Claims arrived as PDFs and emails in every format. Staff manually extracted fields, looked up policy data, and decided where each claim went. It was slow, inconsistent, and impossible to audit at volume — and the backlog grew every week.
A retrieval-grounded engine that reads each claim, extracts and validates the key fields, cross-checks live policy data, and routes it with a recommended action. Guardrails hold anything unusual for a human. It runs entirely inside the insurer's VPC.

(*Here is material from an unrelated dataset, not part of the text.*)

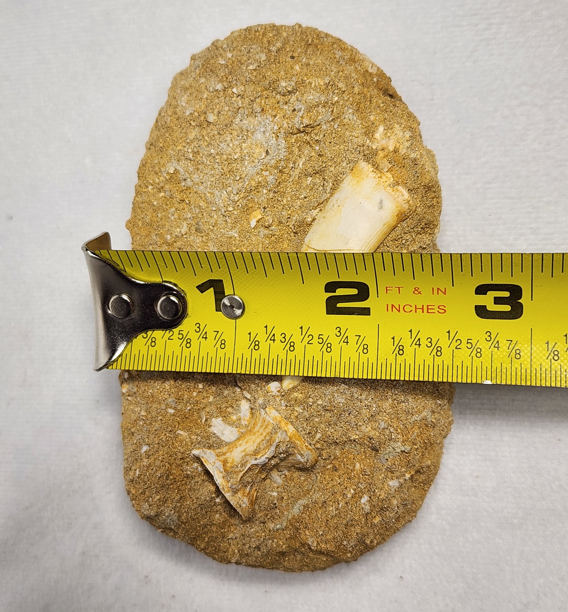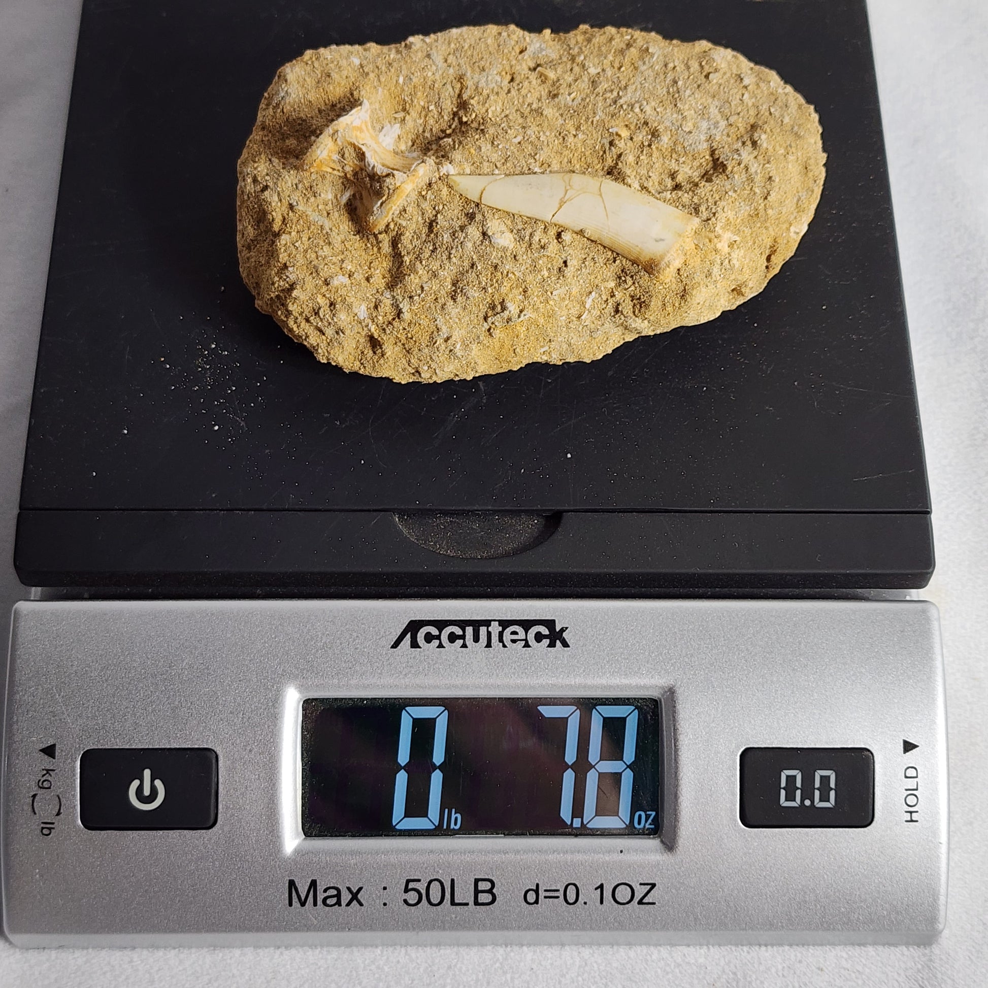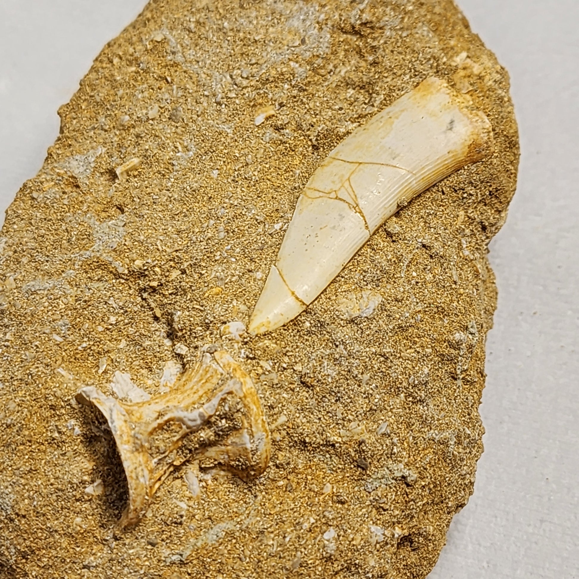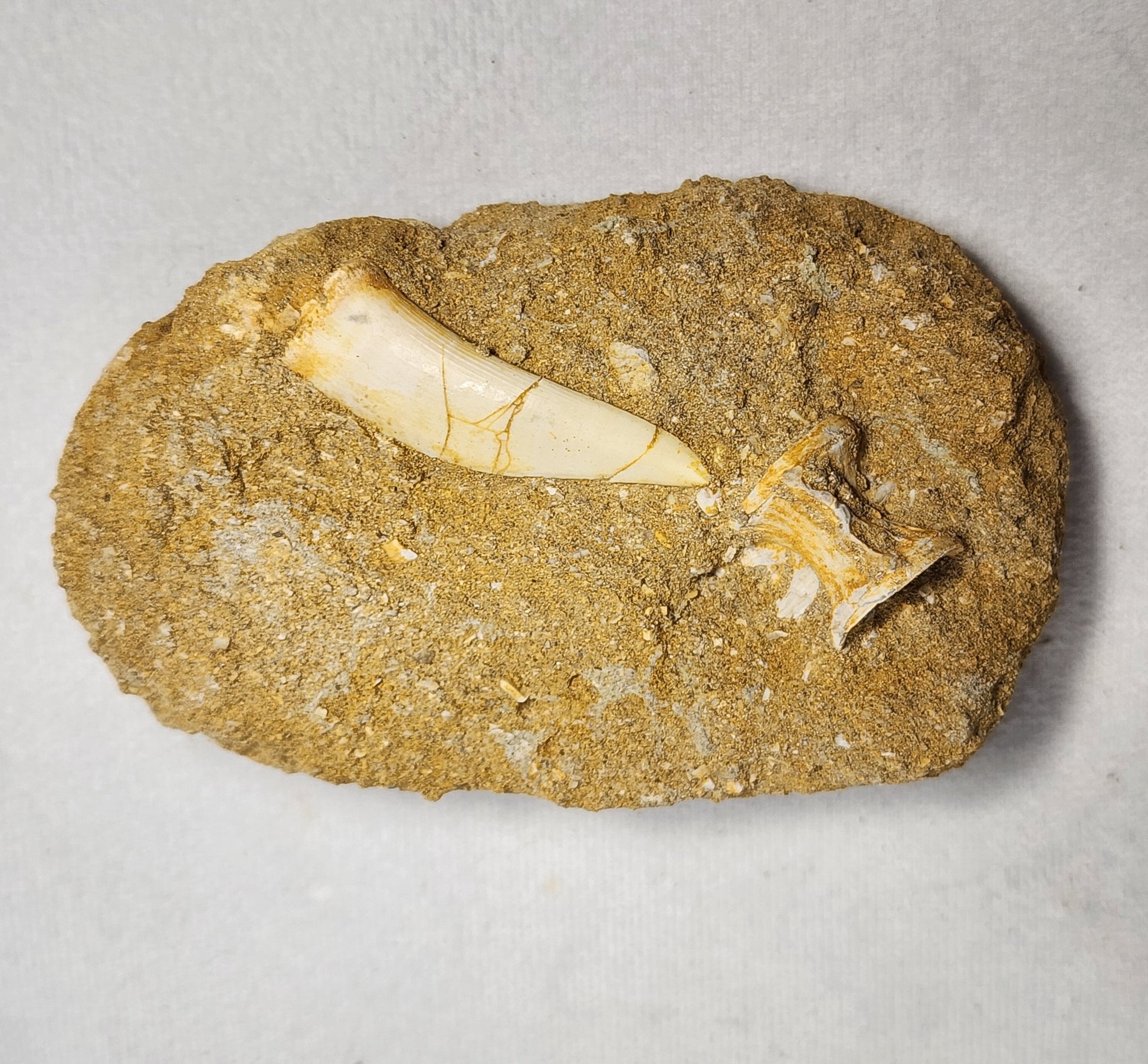 This matrix is from Morocco and you can see some amazing fossil finds in it! The Plesiosaur tooth is very evident and you can see the fish vertebrae peaking through!

First-touch triage dropped from hours to seconds. Around 60% of standard claims now flow straight through, staff focus on the genuine exceptions, and every decision is logged immutably for audit and rollback.
The engine reasons over the insurer's own documents and policy systems, so every extraction is grounded in real data — not guessed. Confidence thresholds decide what's safe to auto-route and what needs a human.
Critically, nothing happens silently. Each step — fields read, checks run, route chosen — is written to an immutable audit log the compliance team can inspect, and any decision can be reversed. That's what made an autonomous system acceptable in a regulated environment.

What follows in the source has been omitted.